PROBLEM TO SOLVE: Since the listing below shows pictures, leave them out and write out exactly the lines from the line with "北京睿仁堂生物科技有限公司成" to the line with "Cavo coassiale RG59", both included, and no others.

EXCERPTED DATA:
BEGIN

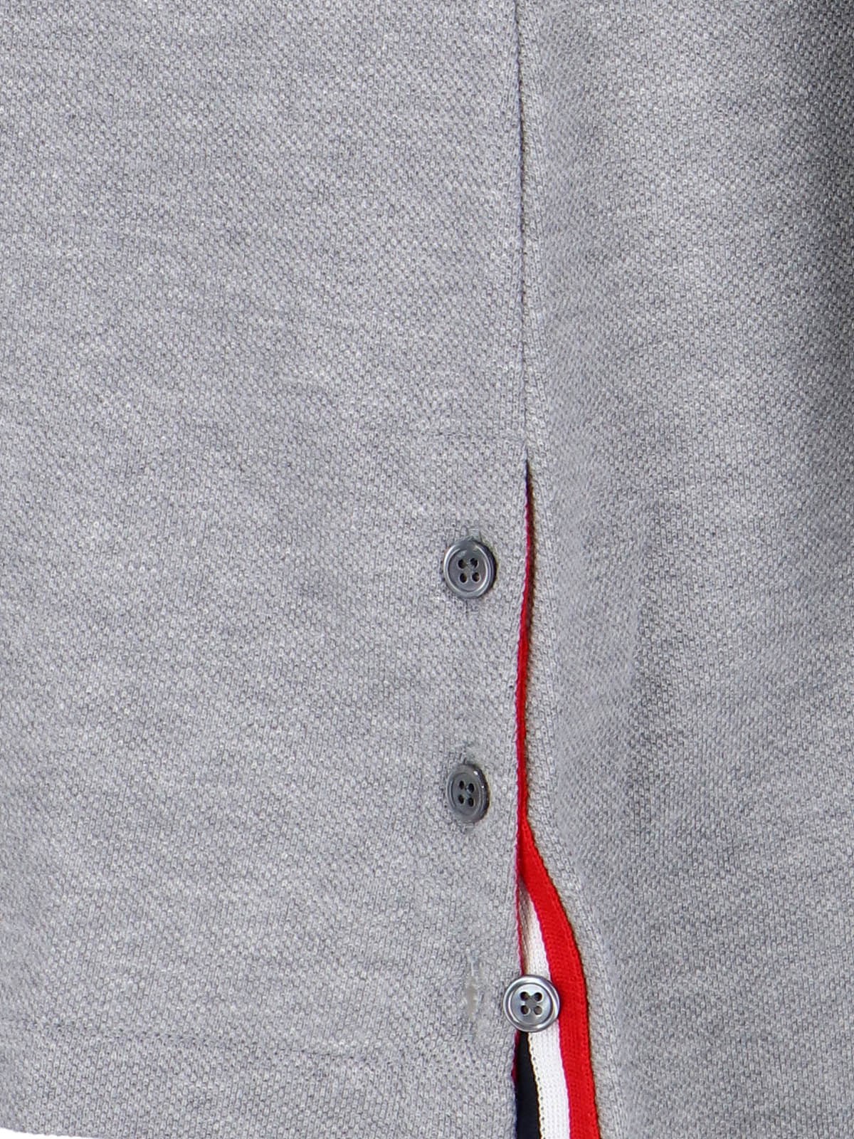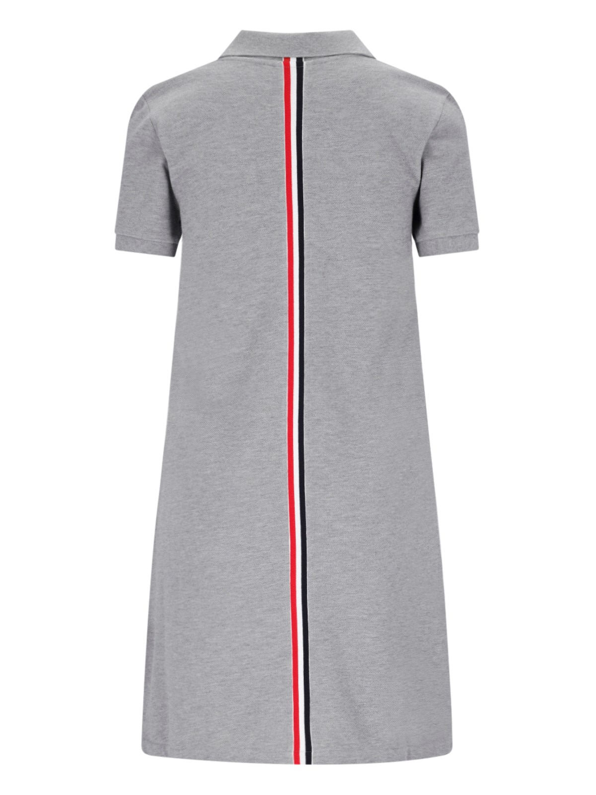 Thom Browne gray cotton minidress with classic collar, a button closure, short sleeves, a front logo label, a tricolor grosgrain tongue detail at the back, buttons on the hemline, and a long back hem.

END
BEGIN

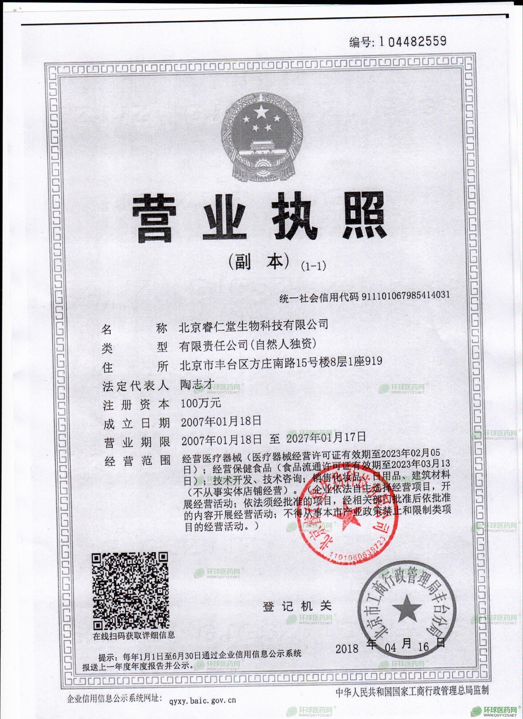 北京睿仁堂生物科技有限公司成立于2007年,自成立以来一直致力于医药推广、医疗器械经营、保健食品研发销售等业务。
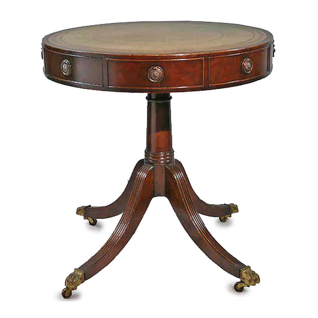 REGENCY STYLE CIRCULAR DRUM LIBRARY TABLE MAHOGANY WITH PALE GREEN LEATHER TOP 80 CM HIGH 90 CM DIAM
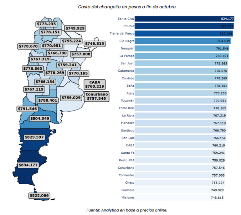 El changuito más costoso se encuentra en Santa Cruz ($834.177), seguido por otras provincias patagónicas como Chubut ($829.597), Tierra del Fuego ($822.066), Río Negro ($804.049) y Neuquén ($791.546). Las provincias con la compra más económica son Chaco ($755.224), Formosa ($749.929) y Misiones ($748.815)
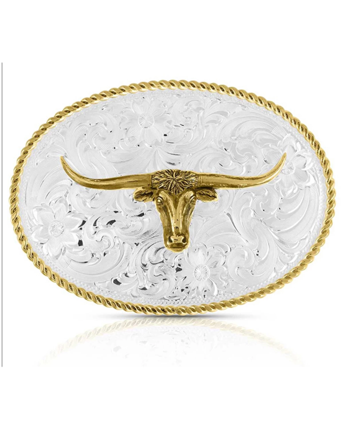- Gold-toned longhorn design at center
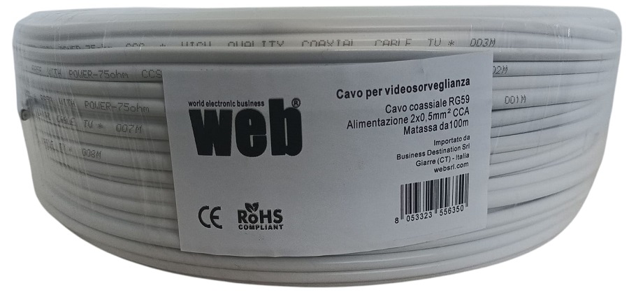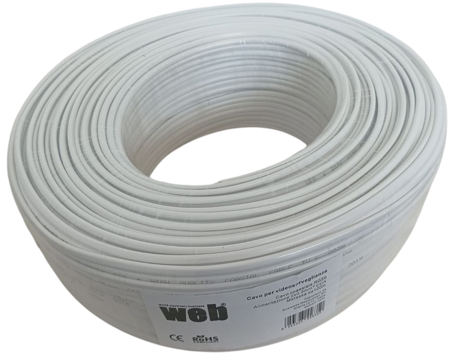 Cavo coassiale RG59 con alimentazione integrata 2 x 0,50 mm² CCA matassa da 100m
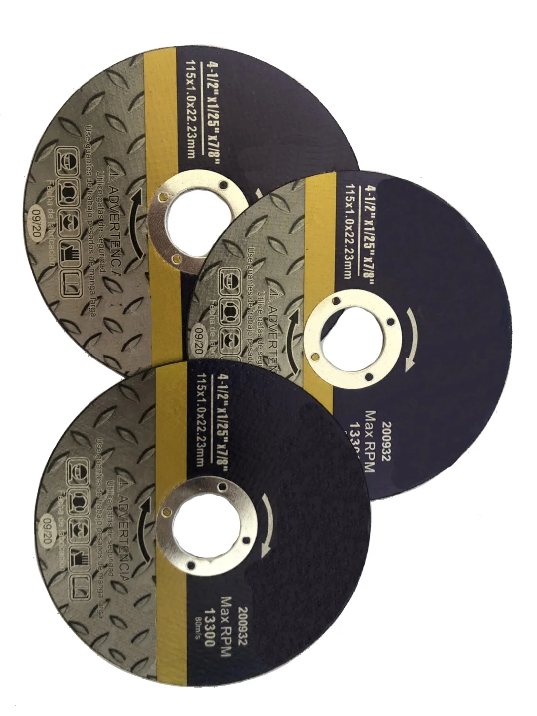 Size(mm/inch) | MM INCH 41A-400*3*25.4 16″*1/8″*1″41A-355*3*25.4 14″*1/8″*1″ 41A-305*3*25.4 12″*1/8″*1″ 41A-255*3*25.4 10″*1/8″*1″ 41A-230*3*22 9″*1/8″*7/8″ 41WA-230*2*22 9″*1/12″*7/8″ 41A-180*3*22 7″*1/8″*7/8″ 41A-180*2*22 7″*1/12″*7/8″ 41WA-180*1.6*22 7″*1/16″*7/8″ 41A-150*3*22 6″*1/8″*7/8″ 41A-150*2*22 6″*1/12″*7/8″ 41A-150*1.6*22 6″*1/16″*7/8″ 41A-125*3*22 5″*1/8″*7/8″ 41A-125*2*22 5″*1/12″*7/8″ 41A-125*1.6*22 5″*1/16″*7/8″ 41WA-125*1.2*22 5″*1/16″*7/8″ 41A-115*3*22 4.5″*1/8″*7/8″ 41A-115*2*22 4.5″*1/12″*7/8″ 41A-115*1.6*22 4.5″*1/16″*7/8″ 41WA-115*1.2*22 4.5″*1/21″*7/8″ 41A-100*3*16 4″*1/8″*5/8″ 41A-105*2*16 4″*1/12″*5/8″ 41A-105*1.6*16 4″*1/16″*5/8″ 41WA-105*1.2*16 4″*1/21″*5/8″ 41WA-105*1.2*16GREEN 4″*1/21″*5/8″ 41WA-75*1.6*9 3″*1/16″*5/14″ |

END
BEGIN

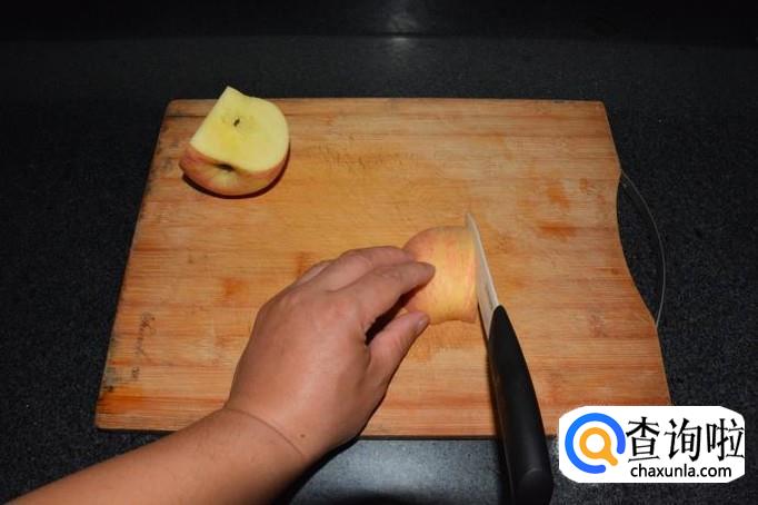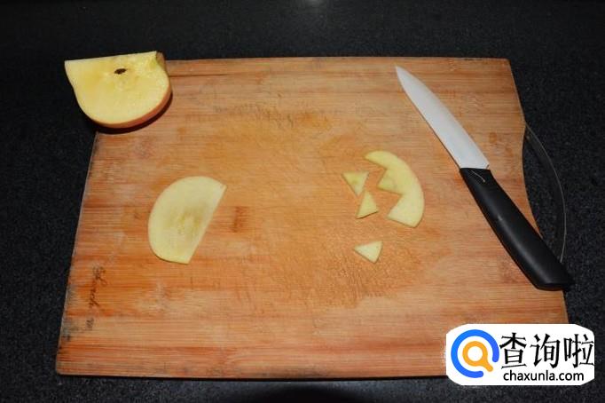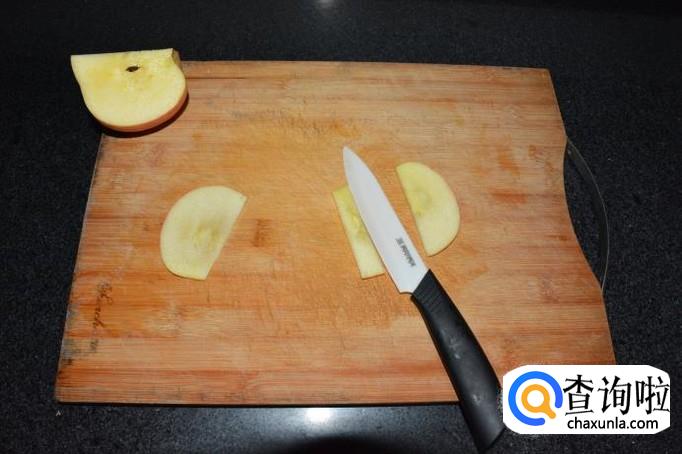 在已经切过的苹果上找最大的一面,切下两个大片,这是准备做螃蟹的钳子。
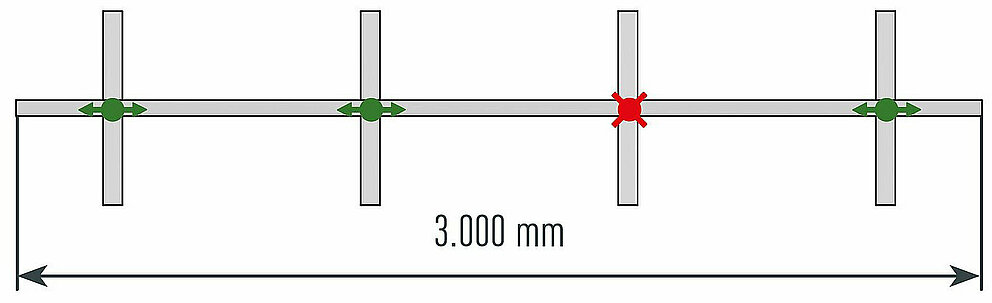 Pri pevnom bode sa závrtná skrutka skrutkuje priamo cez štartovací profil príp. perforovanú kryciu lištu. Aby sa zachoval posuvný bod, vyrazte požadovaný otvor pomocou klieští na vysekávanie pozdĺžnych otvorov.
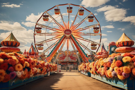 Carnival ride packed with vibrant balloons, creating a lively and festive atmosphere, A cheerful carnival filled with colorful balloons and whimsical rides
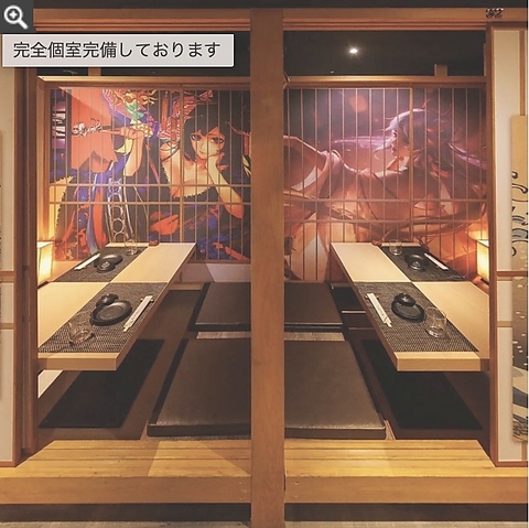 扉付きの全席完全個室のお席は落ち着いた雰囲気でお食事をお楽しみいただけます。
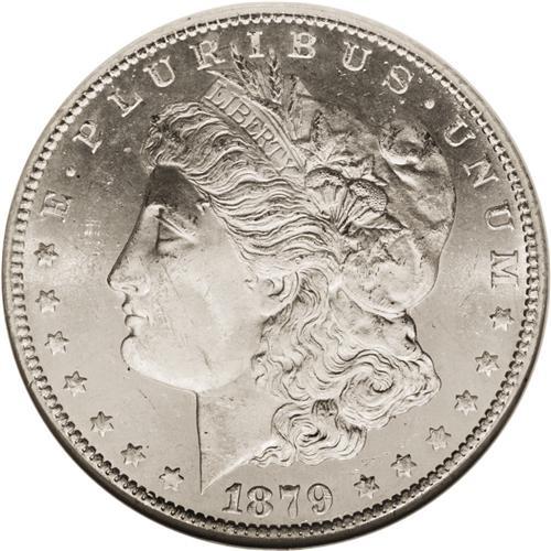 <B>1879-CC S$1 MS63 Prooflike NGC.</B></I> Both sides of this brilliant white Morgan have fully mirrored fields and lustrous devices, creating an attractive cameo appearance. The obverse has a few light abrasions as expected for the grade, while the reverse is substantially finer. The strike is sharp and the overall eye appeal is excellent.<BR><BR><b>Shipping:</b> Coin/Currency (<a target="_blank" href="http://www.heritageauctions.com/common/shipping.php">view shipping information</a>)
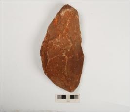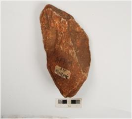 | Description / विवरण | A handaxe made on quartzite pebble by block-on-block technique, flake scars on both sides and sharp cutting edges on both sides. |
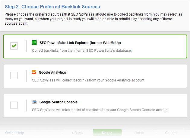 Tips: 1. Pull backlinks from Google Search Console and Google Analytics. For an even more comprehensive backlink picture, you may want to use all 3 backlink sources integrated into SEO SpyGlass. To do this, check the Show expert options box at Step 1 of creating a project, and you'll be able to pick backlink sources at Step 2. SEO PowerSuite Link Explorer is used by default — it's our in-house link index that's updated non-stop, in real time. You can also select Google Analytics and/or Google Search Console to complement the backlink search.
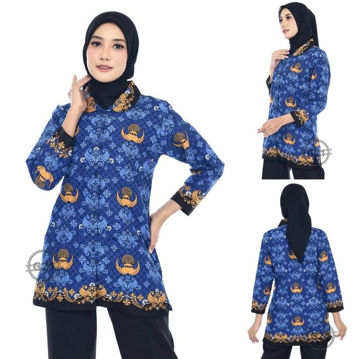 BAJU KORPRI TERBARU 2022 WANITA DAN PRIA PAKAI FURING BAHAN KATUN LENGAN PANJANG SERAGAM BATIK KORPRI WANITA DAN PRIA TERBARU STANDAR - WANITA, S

END

SOLUTION:
 北京睿仁堂生物科技有限公司成立于2007年,自成立以来一直致力于医药推广、医疗器械经营、保健食品研发销售等业务。
 REGENCY STYLE CIRCULAR DRUM LIBRARY TABLE MAHOGANY WITH PALE GREEN LEATHER TOP 80 CM HIGH 90 CM DIAM
 El changuito más costoso se encuentra en Santa Cruz ($834.177), seguido por otras provincias patagónicas como Chubut ($829.597), Tierra del Fuego ($822.066), Río Negro ($804.049) y Neuquén ($791.546). Las provincias con la compra más económica son Chaco ($755.224), Formosa ($749.929) y Misiones ($748.815)
- Gold-toned longhorn design at center
 Cavo coassiale RG59 con alimentazione integrata 2 x 0,50 mm² CCA matassa da 100m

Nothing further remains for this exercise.